Choose Monarch if you want a budgeting command center. It is the better fit when your household needs transaction review, category budgets, recurring bills, shared goals, cash-flow reports, and automatic account syncing. If you miss Mint and want the grown-up paid version, Monarch is a serious contender.
Choose TrackMyStack if you want a private net worth and portfolio tracker. It is the better fit when your main goal is to track assets, liabilities, currencies, allocation, dividends, portfolio performance, and total wealth without sharing financial credentials.

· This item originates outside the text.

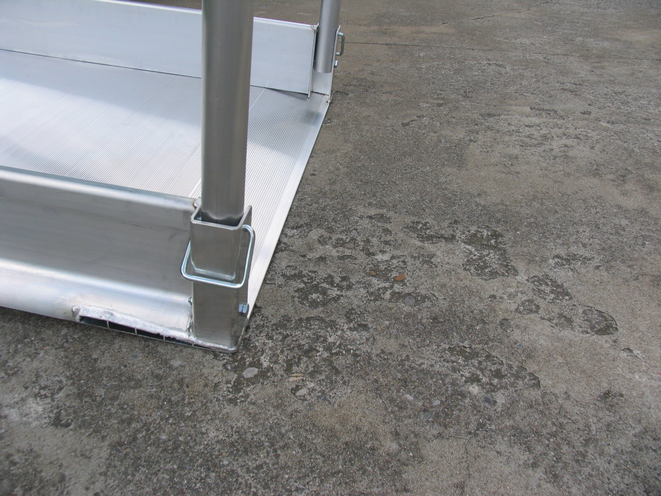 Handrail brackets on pedestrian ramp Rest on connection on pedestrian ramp Pedestrian ramp resting on kerb Pedestrian ramp 2390mm long Pedestrian ramp fully assembled

The one-question test is simple: are you trying to manage spending, or are you trying to track wealth?
If the answer is spending, Monarch.
If the answer is wealth, TrackMyStack.
And if your answer is “both,” then you may not need one perfect app. You may need a budgeting app for cash flow and TrackMyStack for the part where you quietly watch your net worth do whatever the market felt like doing today.
Try TrackMyStack if you want a private net worth tracker that works without linking accounts.
FAQ
Is TrackMyStack better than Monarch Money?
TrackMyStack is better than Monarch Money for private net worth and portfolio tracking without account linking. Monarch Money is better for budgeting, transaction categorization, recurring bills, cash-flow planning, and household money management.
Is Monarch Money better for budgeting?
Yes. Monarch Money is a budgeting-led personal finance app. It is built around connected accounts, transactions, spending categories, goals, reports, and household collaboration. TrackMyStack does not try to replace a budget app.
Which app is more private?
TrackMyStack is more private if your priority is avoiding account links. TrackMyStack does not connect to bank, brokerage, or crypto exchange accounts. You enter holdings yourself, so no credentials are shared with TrackMyStack or third-party aggregators.
Does Monarch Money work outside the US?
Monarch is available in the US and Canada. Its Canada page says all prices are billed in USD, and its investment help docs note limitations around Canadian stocks and US-exchange pricing support. TrackMyStack is better suited to international net worth tracking because it does not depend on bank-link coverage and supports multi-currency portfolios directly.
Is TrackMyStack cheaper than Monarch Money?
Yes. TrackMyStack has a free tier, and Premium costs $4/month or $30/year. Monarch Core is listed at $99.99/year, and Monarch Plus is listed at $299.99/year as of April 26, 2026.
Do I need to link accounts to use TrackMyStack?
No. TrackMyStack is built around manual holdings and automatic supported price updates. You add what you own, and the app tracks the value where pricing data is supported.